* RECORDS FOR THIS TASK:
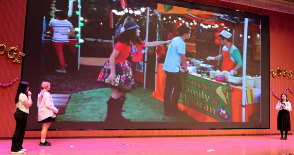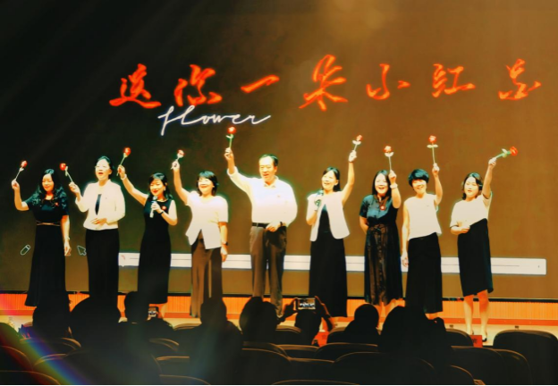 本次匯報演出共24個節(jié)目,分別由《英語電影賞析》《英語歌曲與英語文化》《中國文化推介》《跨文化交際視聽說》《英漢翻譯技巧與實踐》和《實用英語寫作》6門大學英語拓展課程的同學及教師參演。節(jié)目異彩紛呈,涵蓋了電影配音、拓展課程介紹、歌曲演唱、英語話劇、跨文化情景劇短視頻、舞蹈、相聲等多種形式。在本次課程匯演的舞臺上,外國語學院第一教學部拓展課程組教師溫情獻唱,致敬成長,傾情演繹歌曲《送你一朵小紅花》。他們從講臺走向舞臺,用溫暖而真摯的歌聲傳遞著對莘莘學子的關愛與期許。這首飽含鼓勵與祝福的旋律,在師生心中播撒下溫暖與力量,成為匯演中一抹動人的亮色,生動詮釋了和諧融洽、積極向上的校園文化氛圍與教育溫度。
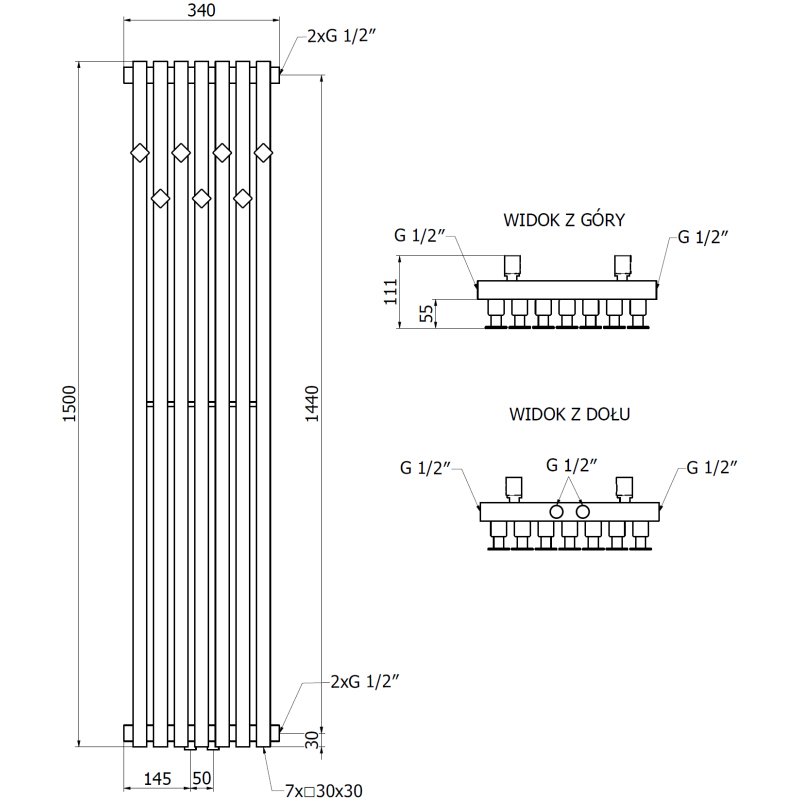 Technické údaje: Výška: 1500 mm Šírka: 340 mm Hĺbka: 102 mm Rozstup pripojenia: - 144 cm (bočne) alebo 5 cm (uprostred) Farba: Čierna RAL 9005 Materiál: Oceľ Hmotnosť: 13,16 kg Reakcia na oheň: A1 Prevádzková teplota: 1 Prevádzková teplota: 1 prevádzková teplota: 1 Vykurovací výkon: - 75/65/20 °C - 630 W Pripojenie: - 2xG ½″ uprostred - 4xG ½″ zhora a zdola na pravej alebo ľavej strane Počet háčikov na uteráky: 7 Vysoko kvalitný, odolný náter odolný proti korózii Sada obsahuje: závesy, montážnu sadu, zás
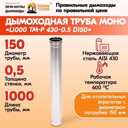 Трубы для дымохода из нержавейки L1000 ТМ-Р 430-0.5 D150 для бани, газовый дымоход для котла
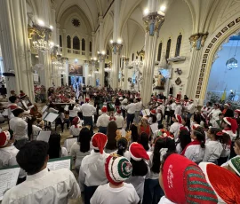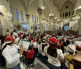 Como parte de su trabajo de formación artística en la provincia, 150 niñas, niños y jóvenes integrantes de Guayas Sinfónica, programa impulsado por la Prefectura del Guayas, participaron en el concierto ‘Sinfonía de Navidad’. La Basílica Menor de Nuestra Señora de La Merced fue el escenario de la jornada musical que reunió al coro y la orquesta, para interpretar un repertorio que combinó villancicos tradicionales como ‘Mi burrito sabanero’, ‘Jingle Bells’ y un mosaico de canciones navideñas ecuatorianas.
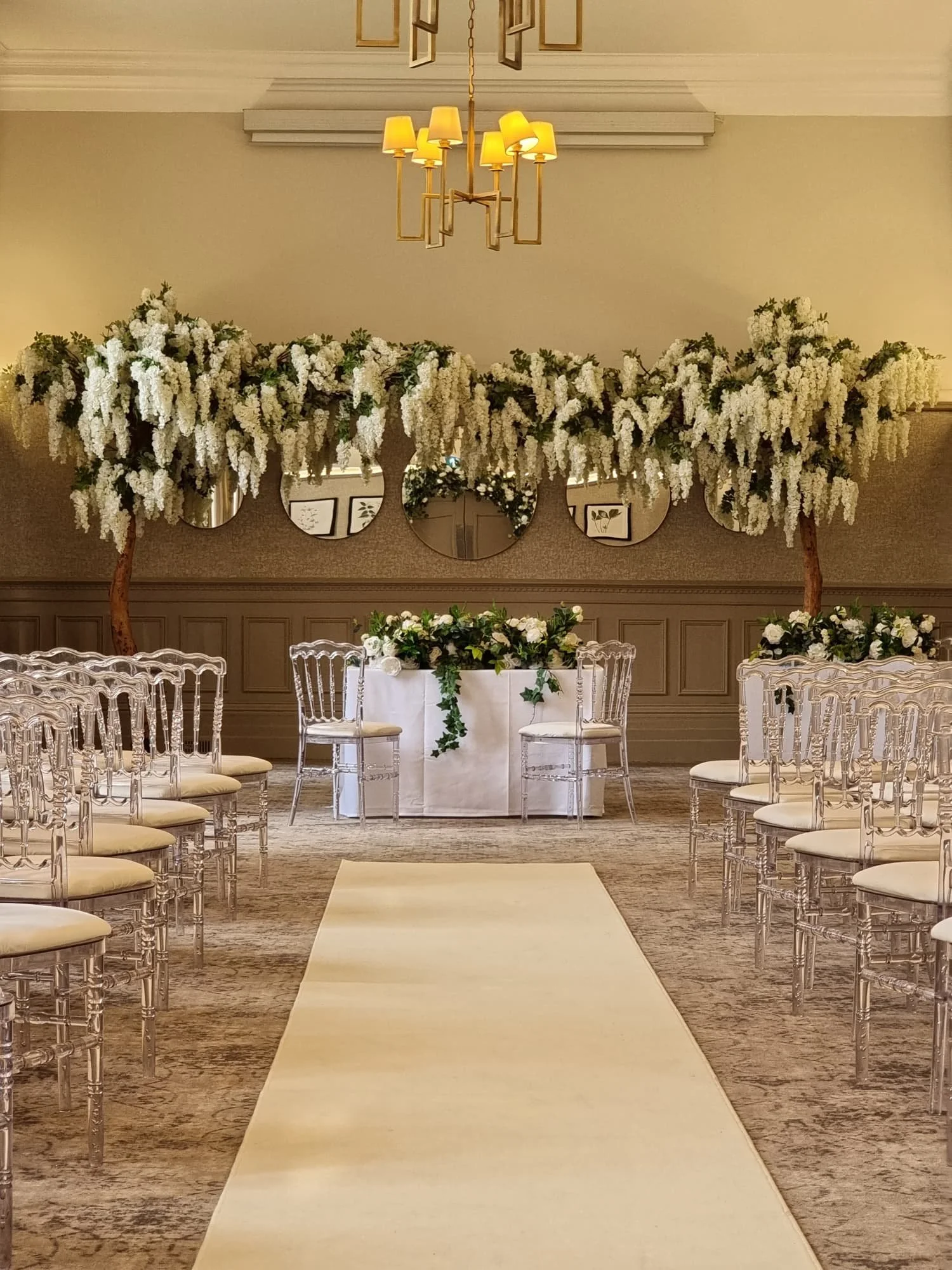 Luxurious artificial canopy trees with cascading white silk wisteria blooms

* YOUR INSTRUCTIONS:
Could you return the whole listing exactly, with every picture removed?

* REPLY TO THE TASK:
 本次匯報演出共24個節(jié)目,分別由《英語電影賞析》《英語歌曲與英語文化》《中國文化推介》《跨文化交際視聽說》《英漢翻譯技巧與實踐》和《實用英語寫作》6門大學英語拓展課程的同學及教師參演。節(jié)目異彩紛呈,涵蓋了電影配音、拓展課程介紹、歌曲演唱、英語話劇、跨文化情景劇短視頻、舞蹈、相聲等多種形式。在本次課程匯演的舞臺上,外國語學院第一教學部拓展課程組教師溫情獻唱,致敬成長,傾情演繹歌曲《送你一朵小紅花》。他們從講臺走向舞臺,用溫暖而真摯的歌聲傳遞著對莘莘學子的關愛與期許。這首飽含鼓勵與祝福的旋律,在師生心中播撒下溫暖與力量,成為匯演中一抹動人的亮色,生動詮釋了和諧融洽、積極向上的校園文化氛圍與教育溫度。
 Technické údaje: Výška: 1500 mm Šírka: 340 mm Hĺbka: 102 mm Rozstup pripojenia: - 144 cm (bočne) alebo 5 cm (uprostred) Farba: Čierna RAL 9005 Materiál: Oceľ Hmotnosť: 13,16 kg Reakcia na oheň: A1 Prevádzková teplota: 1 Prevádzková teplota: 1 prevádzková teplota: 1 Vykurovací výkon: - 75/65/20 °C - 630 W Pripojenie: - 2xG ½″ uprostred - 4xG ½″ zhora a zdola na pravej alebo ľavej strane Počet háčikov na uteráky: 7 Vysoko kvalitný, odolný náter odolný proti korózii Sada obsahuje: závesy, montážnu sadu, zás
 Трубы для дымохода из нержавейки L1000 ТМ-Р 430-0.5 D150 для бани, газовый дымоход для котла
 Como parte de su trabajo de formación artística en la provincia, 150 niñas, niños y jóvenes integrantes de Guayas Sinfónica, programa impulsado por la Prefectura del Guayas, participaron en el concierto ‘Sinfonía de Navidad’. La Basílica Menor de Nuestra Señora de La Merced fue el escenario de la jornada musical que reunió al coro y la orquesta, para interpretar un repertorio que combinó villancicos tradicionales como ‘Mi burrito sabanero’, ‘Jingle Bells’ y un mosaico de canciones navideñas ecuatorianas.
 Luxurious artificial canopy trees with cascading white silk wisteria blooms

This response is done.